### WHAT IS REQUIRED
The material below holds the lines to copy: from the one with "The AERO Manufacturing" up to and including the one with "Edizione 1 /". Copy them exactly and skip the pictures.

### ENTRIES SHOWN
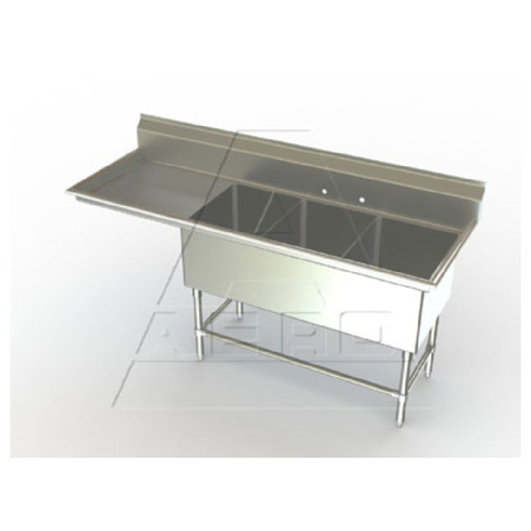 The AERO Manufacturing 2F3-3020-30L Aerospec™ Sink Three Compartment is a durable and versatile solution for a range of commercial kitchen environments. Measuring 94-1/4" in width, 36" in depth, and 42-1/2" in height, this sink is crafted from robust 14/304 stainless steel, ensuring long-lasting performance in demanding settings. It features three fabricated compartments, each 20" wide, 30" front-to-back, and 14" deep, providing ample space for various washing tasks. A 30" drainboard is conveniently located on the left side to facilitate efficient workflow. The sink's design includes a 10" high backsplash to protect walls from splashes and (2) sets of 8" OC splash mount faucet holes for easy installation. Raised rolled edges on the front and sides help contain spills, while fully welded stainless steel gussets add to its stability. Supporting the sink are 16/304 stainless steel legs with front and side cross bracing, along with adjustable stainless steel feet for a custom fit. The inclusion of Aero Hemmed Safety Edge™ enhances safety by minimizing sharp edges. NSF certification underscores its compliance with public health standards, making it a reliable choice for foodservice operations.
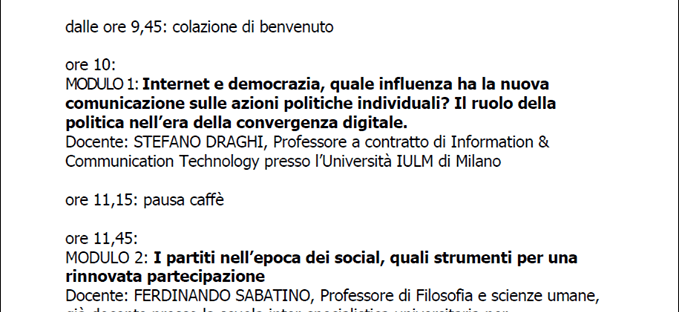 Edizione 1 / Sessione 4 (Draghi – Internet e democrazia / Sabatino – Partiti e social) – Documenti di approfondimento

---

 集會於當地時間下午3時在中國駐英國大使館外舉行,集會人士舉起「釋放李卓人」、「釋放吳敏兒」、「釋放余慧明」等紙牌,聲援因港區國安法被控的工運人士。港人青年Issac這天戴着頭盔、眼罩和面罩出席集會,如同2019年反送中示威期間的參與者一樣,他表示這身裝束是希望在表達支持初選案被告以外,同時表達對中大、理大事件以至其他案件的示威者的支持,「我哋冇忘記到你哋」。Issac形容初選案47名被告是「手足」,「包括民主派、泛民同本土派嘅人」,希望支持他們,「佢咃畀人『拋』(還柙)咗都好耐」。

### ANSWER BOX
 The AERO Manufacturing 2F3-3020-30L Aerospec™ Sink Three Compartment is a durable and versatile solution for a range of commercial kitchen environments. Measuring 94-1/4" in width, 36" in depth, and 42-1/2" in height, this sink is crafted from robust 14/304 stainless steel, ensuring long-lasting performance in demanding settings. It features three fabricated compartments, each 20" wide, 30" front-to-back, and 14" deep, providing ample space for various washing tasks. A 30" drainboard is conveniently located on the left side to facilitate efficient workflow. The sink's design includes a 10" high backsplash to protect walls from splashes and (2) sets of 8" OC splash mount faucet holes for easy installation. Raised rolled edges on the front and sides help contain spills, while fully welded stainless steel gussets add to its stability. Supporting the sink are 16/304 stainless steel legs with front and side cross bracing, along with adjustable stainless steel feet for a custom fit. The inclusion of Aero Hemmed Safety Edge™ enhances safety by minimizing sharp edges. NSF certification underscores its compliance with public health standards, making it a reliable choice for foodservice operations.
 Edizione 1 / Sessione 4 (Draghi – Internet e democrazia / Sabatino – Partiti e social) – Documenti di approfondimento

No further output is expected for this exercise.